§ The problem:
Give again, exactly and without pictures, the lines running from the line with "وقال فيه الشوكاني: هو" to the end of the records below.

§ Data supplied:

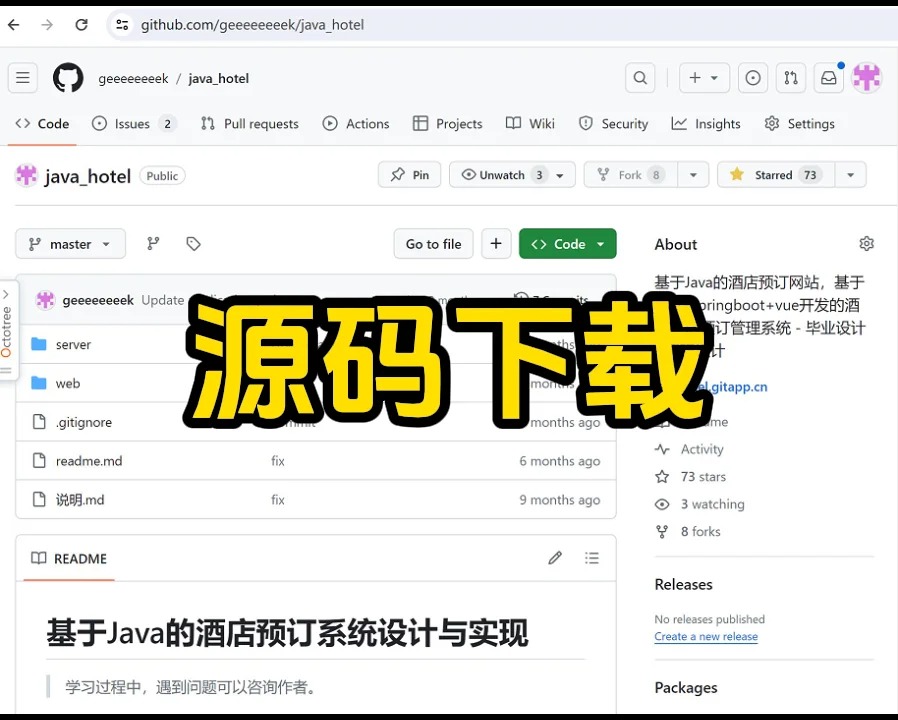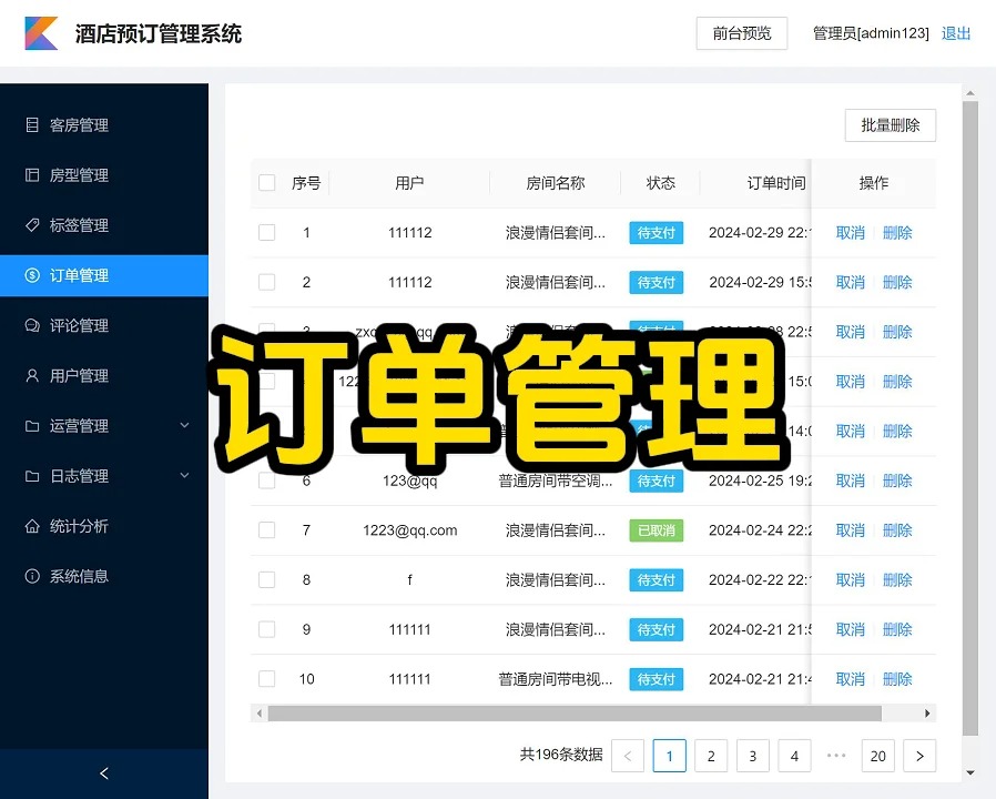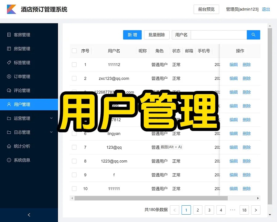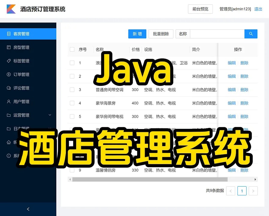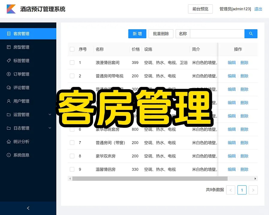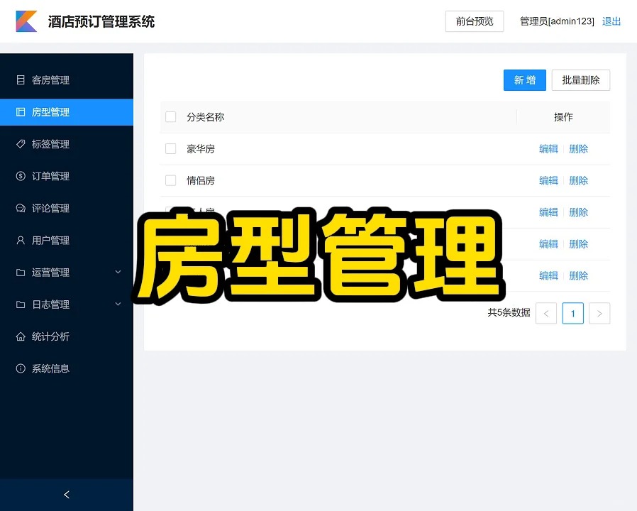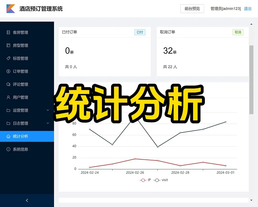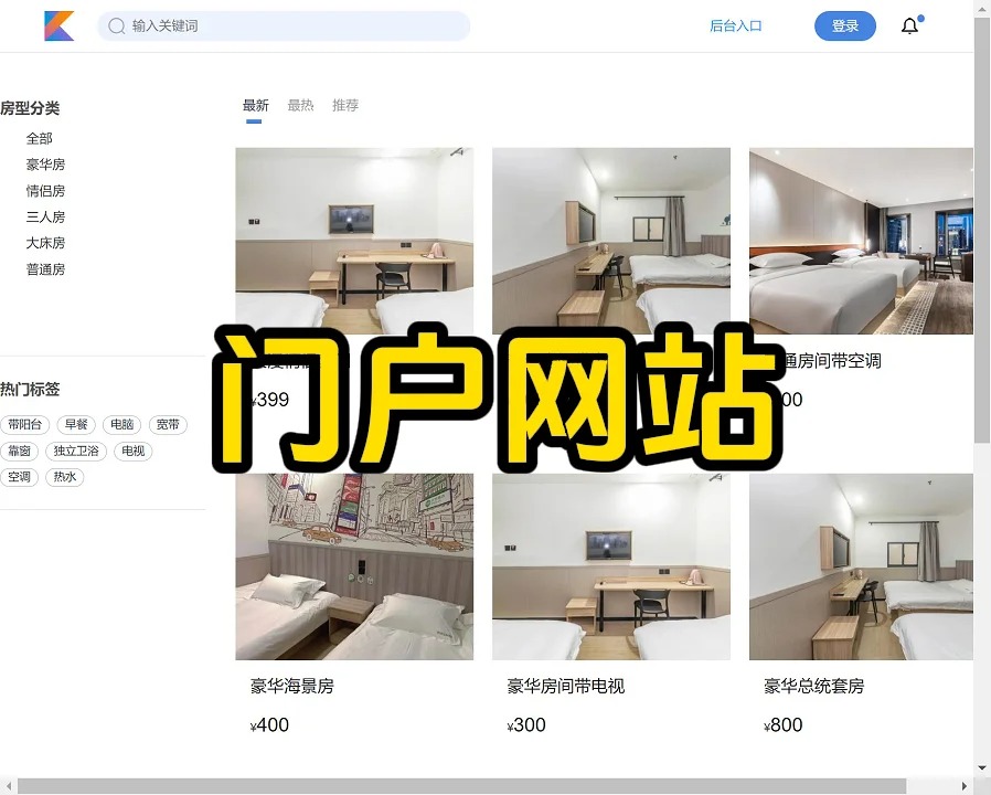 后臺的主要功能: - 房間管理:管理系統(tǒng)可以錄入、修改和查詢房間的基本信息,如房間名稱、配套、備注等。 - 類型管理:系統(tǒng)可以管理房間的類型信息,包括類型的名稱等。 - 標簽管理:管理標簽錄入、修改和查詢標簽的信息。 - 評論管理:管理和瀏覽整個網(wǎng)站的評論信息。 - 用戶管理:管理和瀏覽網(wǎng)站的用戶信息,可以新增、編輯和刪除用戶。 - 訂單管理:管理和瀏覽網(wǎng)站的訂單信息。 - 統(tǒng)計分析:系統(tǒng)可以根據(jù)房間的活動數(shù)據(jù)和會員參與度進行統(tǒng)計和分析,幫助管理員了解整個系統(tǒng)的狀況。 - 消息管理:房間管理員可以在系統(tǒng)上發(fā)布消息,整個網(wǎng)站的用戶都能收到。 - 系統(tǒng)信息:管理員可以查看系統(tǒng)的基本信息,包括系統(tǒng)名稱、服務(wù)器信息、內(nèi)存信息、cpu信息、軟件信息等。 前臺的主要功能: - 注冊登錄:用戶通過注冊和登錄后,才能使用網(wǎng)站。 - 門戶瀏覽:用戶進入首頁后,可以瀏覽房間列表信息,包括最新、最熱、推薦。 - 智能推薦:詳情頁右側(cè)的熱門推薦。 - 用戶中心:包括用戶基本資料修改、用戶郵箱推送、消息。 - 我的訂單:包括我預(yù)訂的房間的信息。 - 模糊搜索:頂部搜索功能,支持模糊搜索房間信息。 - 房間評論:詳情頁下側(cè)用戶可以評論房間。 ## 開發(fā)環(huán)境 - 后端: Java 1.8 + SpringBoot + MyBatis - 前端: Javascript + Vue - 數(shù)據(jù)庫:MySQL 5.7 - 開發(fā)平臺:Idea 2021 + vscode - 運行環(huán)境:Windows 10/11 ## 關(guān)鍵技術(shù) - 前端技術(shù)棧 ES6、vue、vuex、vue-router、vue-cli、axios、antd - 后端技術(shù)棧 SpringBoot、MyBatis、Maven
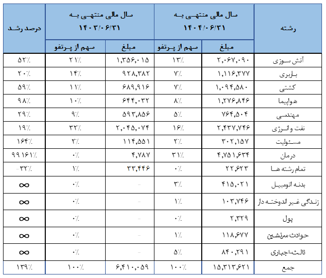 در سال مالی منتهی به 1404/06/31 عمکلرد بیمه ای شرکت به شرح ذیل بوده است:
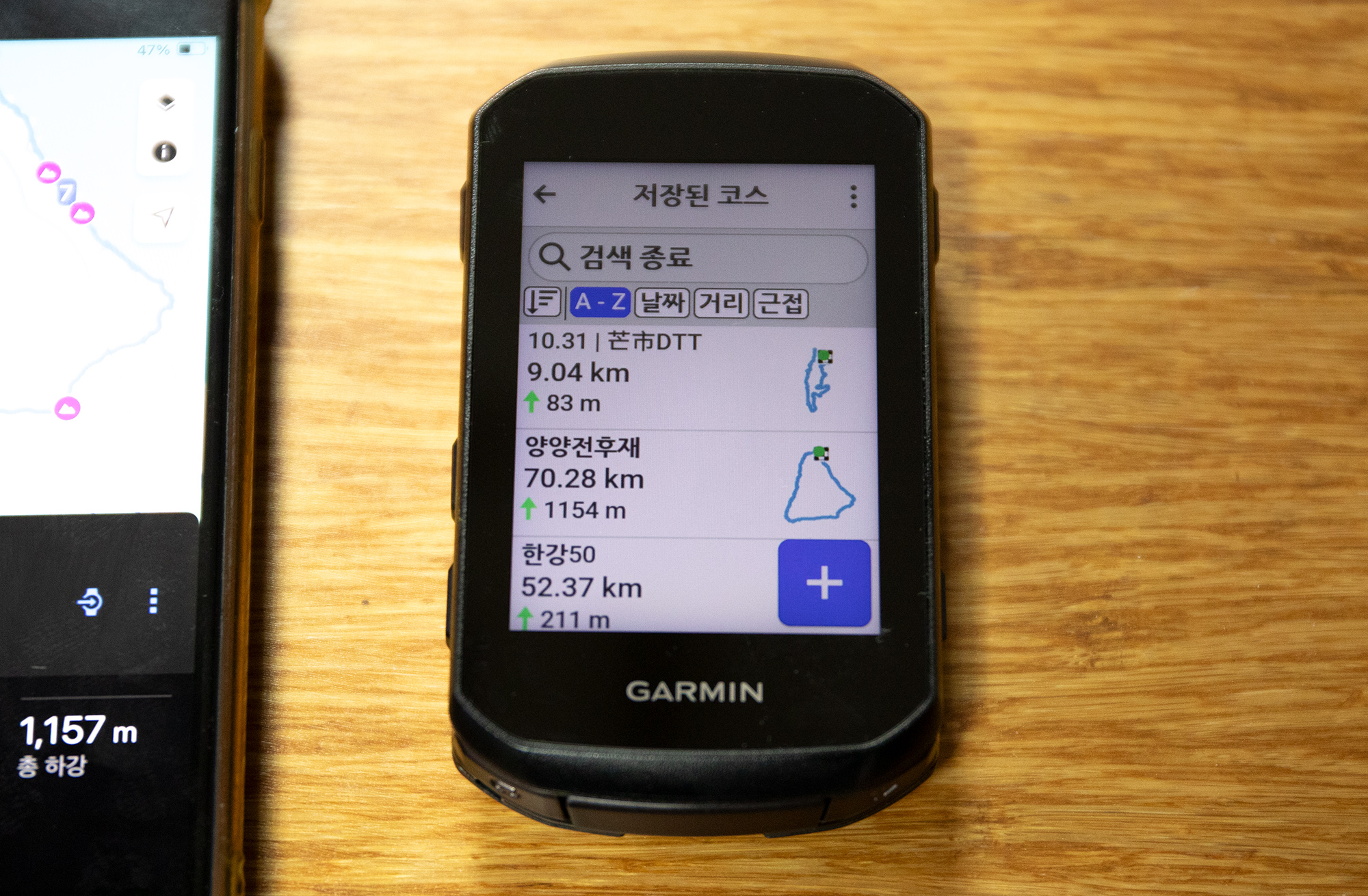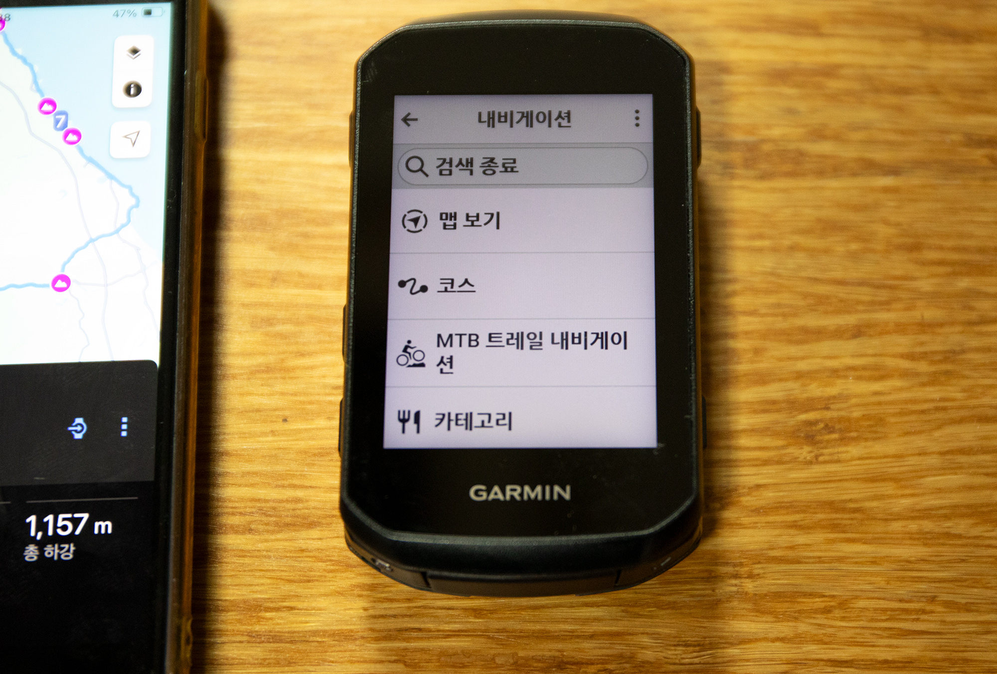 가민 엣지는 최근 활동이 첫 화면에 표시되기 때문에, 코스 등록 후 홈 화면 중앙에서 지도를 확인할 수 있다. 나중에 확인하기 위해서는, 아래 [내비게이션] 버튼을 선택 후 코스를 누르면, 등록된 코스를 확인할 수 있다.
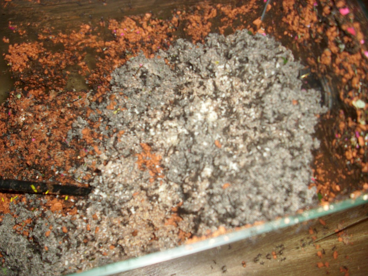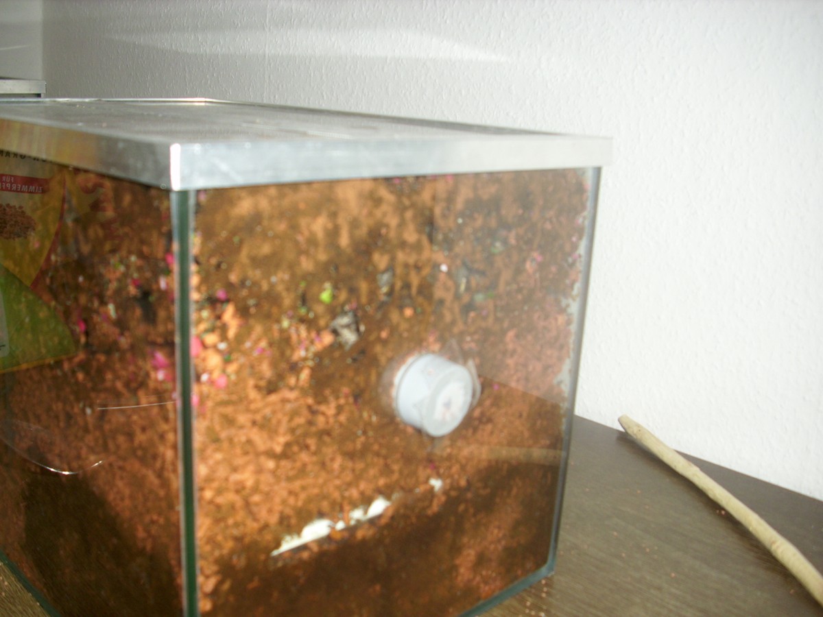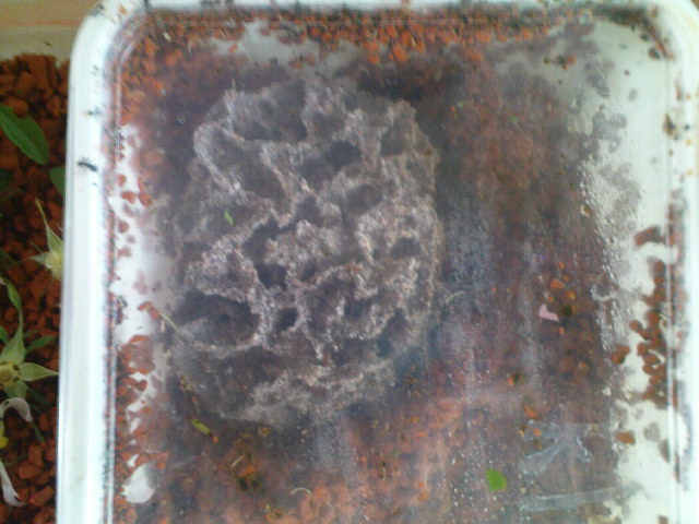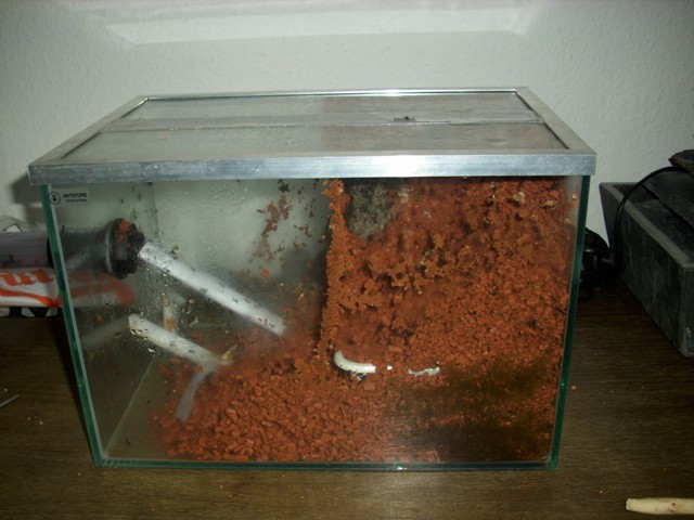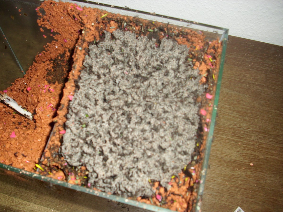 Lange ist es her, als ich das letzte Mal geschrieben habe und es ist in dieser Zeit viel passiert :). Das eine wäre das ich nun die vergrößere nun komplett entfernt habe, da sie auch schon angefangen habe im Futterbecken einen Pilz zu Kultivieren. nun hoffe ich das der Pilz schon groß genug ist, er füllt nun gute 1/3 des 30X20X20 Beckens aus und ich dachte mir wenn sie schon in dem Futterbecken einen kleinen Pilz anbauen können schaffen sie es da erst recht, wo sie Seramis und noch mehr Feuchtigkeit zur Verfügung haben. Bilder von der Vergrößerten Anlage davor habe ich zwar aber sie sind leider total schlecht, aber ich habe Bilder von der Kolonie wie sie jetzt aussieht :)
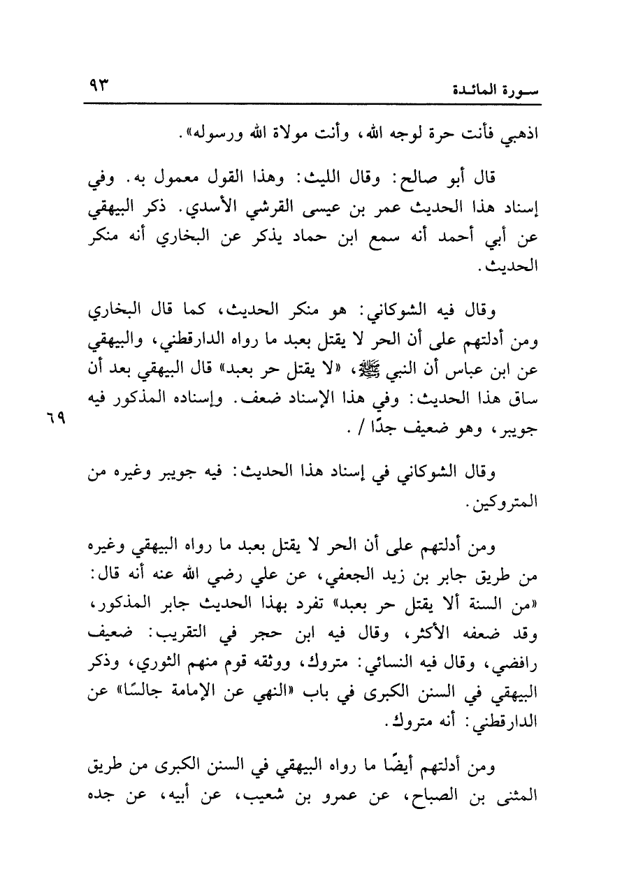 وقال فيه الشوكاني: هو منكر الحديث، كما قال البخاري ومن أدلتهم على أن الحر لا يقتل بعبد ما رواه الدارقطني، والبيهقي عن ابن عباس أن النبي - صلى الله عليه وسلم -، "لا يقتل حر بعبد" قال البيهقي بعد أن ساق هذا الحديث: وفي هذا الإسناد ضعف. وإسناده المذكور فيه جويبر، وهو ضعيف جداً.
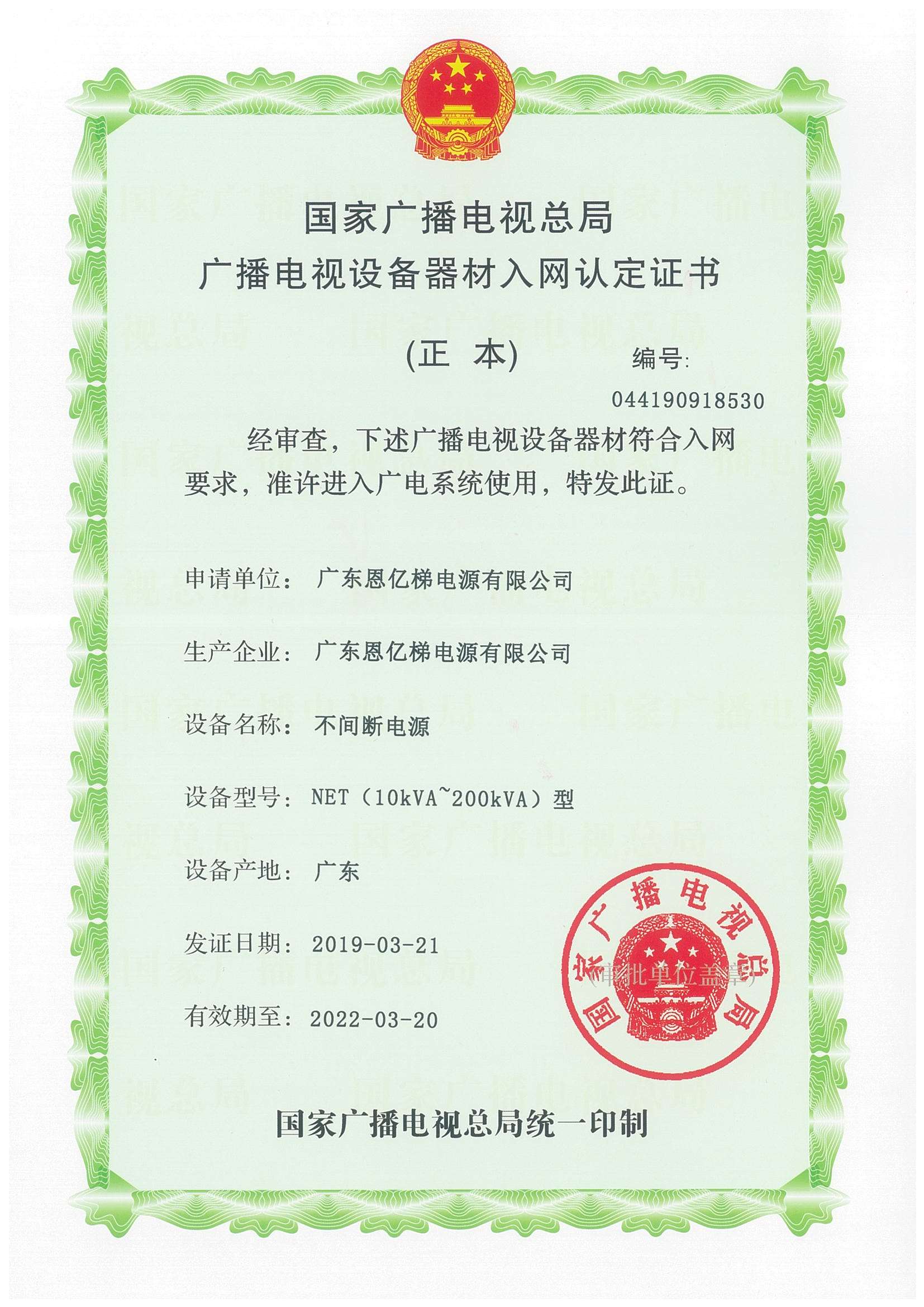 國家廣播電影電視總局入網(wǎng)認(rèn)定證書(不間斷電源)

§ Task answer:
 وقال فيه الشوكاني: هو منكر الحديث، كما قال البخاري ومن أدلتهم على أن الحر لا يقتل بعبد ما رواه الدارقطني، والبيهقي عن ابن عباس أن النبي - صلى الله عليه وسلم -، "لا يقتل حر بعبد" قال البيهقي بعد أن ساق هذا الحديث: وفي هذا الإسناد ضعف. وإسناده المذكور فيه جويبر، وهو ضعيف جداً.
 國家廣播電影電視總局入網(wǎng)認(rèn)定證書(不間斷電源)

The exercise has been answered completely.